WHAT YOU NEED TO DO
Please reproduce the listing verbatim, without its images.

:: DATA ::

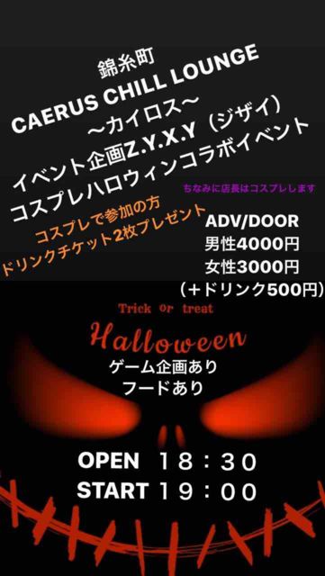 初めまして! 告知させてください! 令和元年10月26日(土) 錦糸町 CAERUS CHILL LOUNGE 〜カイロス〜 イベント企画Z.Y.X.Y(ジザイ) コスプレハロウィンコラボイベント OPEN 18:30 START 19:00 close 23:00 ADV/DOOR 男性4500円 女性3500円 (ワンドリンク付き) ドリンク500円 ゲーム企画あり フードあり DJあり コスプレ有りの方ドリチケ2枚サービス! 宗教やネットビジネス等の勧誘は禁止としてます! 興味ある方はメッセージください! インスタもあげとくのでそちらもチェックしてください!!
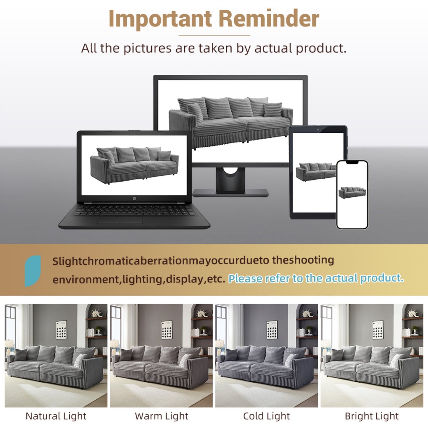 104.3' Plush Corduroy 4-Seat Sofa,Modern Comfy Upholstered Sofa Cloud Couch,Deep Seat Couches with Soft Pillows,Convertible Deep Seat Sofa Lounge Chair for Living Room Bedroom,Apartment,Office
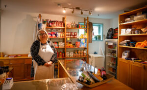 Le Pair, die al twintig jaar vrijwilliger is bij de kerk, staat achter de toonbank. In een kast achter haar worden diverse Noorse producten uitgestald. Wie langsloopt, wordt hartelijk ontvangen met een enthousiast verhaal over de geschiedenis van de Noorse kerk en de producten die ze er verkopen.
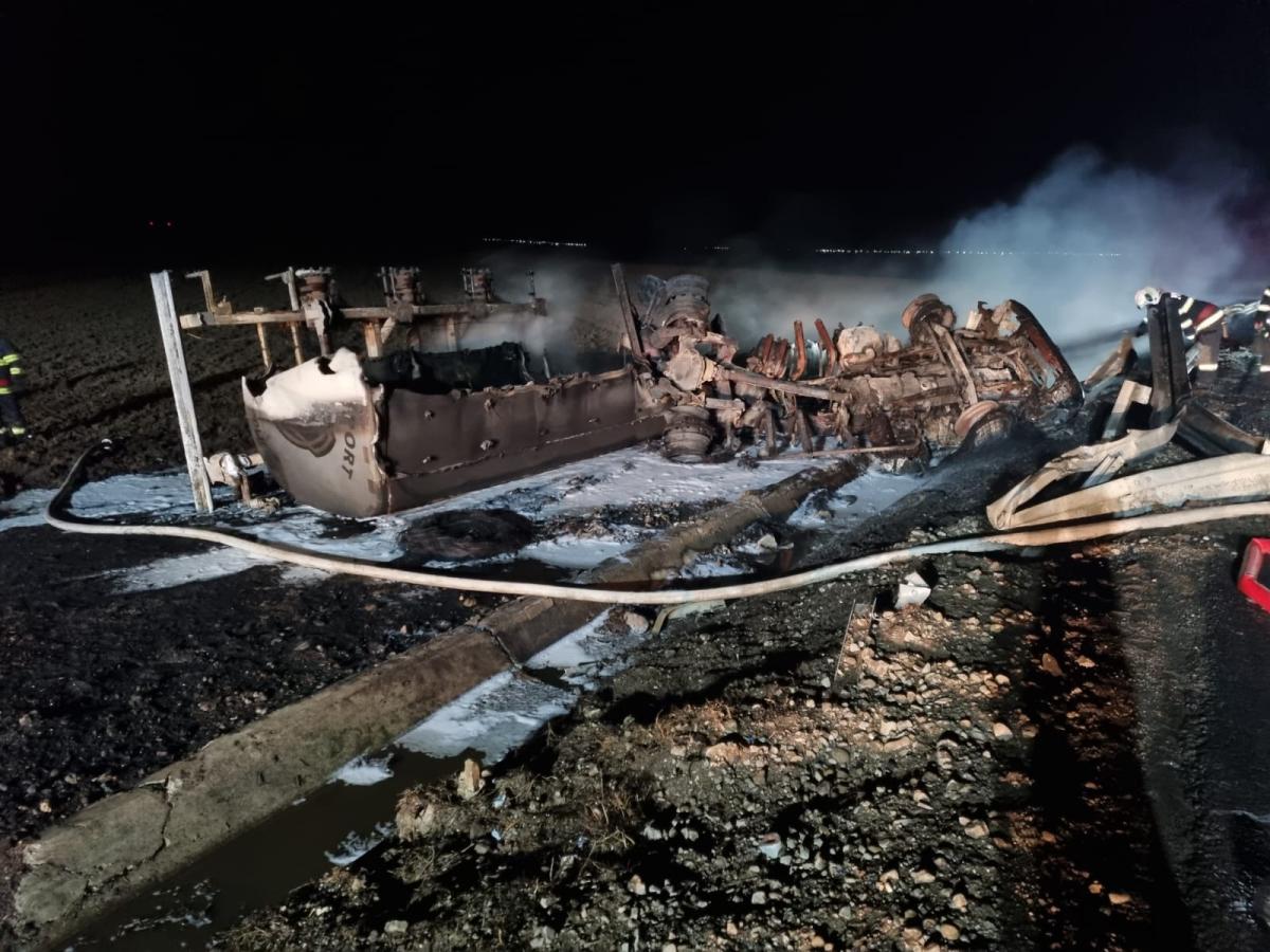 ȘTIRE ACTUALIZATĂ Din păcate, șoferul, un bărbat în vârstă de 50 de ani, din județul Constanța, nu a reușit să iasă din cabină și a murit carbonizat. Cisterna transporta 40 tone de motorină.

:::

RESULT OF THIS TASK
 初めまして! 告知させてください! 令和元年10月26日(土) 錦糸町 CAERUS CHILL LOUNGE 〜カイロス〜 イベント企画Z.Y.X.Y(ジザイ) コスプレハロウィンコラボイベント OPEN 18:30 START 19:00 close 23:00 ADV/DOOR 男性4500円 女性3500円 (ワンドリンク付き) ドリンク500円 ゲーム企画あり フードあり DJあり コスプレ有りの方ドリチケ2枚サービス! 宗教やネットビジネス等の勧誘は禁止としてます! 興味ある方はメッセージください! インスタもあげとくのでそちらもチェックしてください!!
 104.3' Plush Corduroy 4-Seat Sofa,Modern Comfy Upholstered Sofa Cloud Couch,Deep Seat Couches with Soft Pillows,Convertible Deep Seat Sofa Lounge Chair for Living Room Bedroom,Apartment,Office
 Le Pair, die al twintig jaar vrijwilliger is bij de kerk, staat achter de toonbank. In een kast achter haar worden diverse Noorse producten uitgestald. Wie langsloopt, wordt hartelijk ontvangen met een enthousiast verhaal over de geschiedenis van de Noorse kerk en de producten die ze er verkopen.
 ȘTIRE ACTUALIZATĂ Din păcate, șoferul, un bărbat în vârstă de 50 de ani, din județul Constanța, nu a reușit să iasă din cabină și a murit carbonizat. Cisterna transporta 40 tone de motorină.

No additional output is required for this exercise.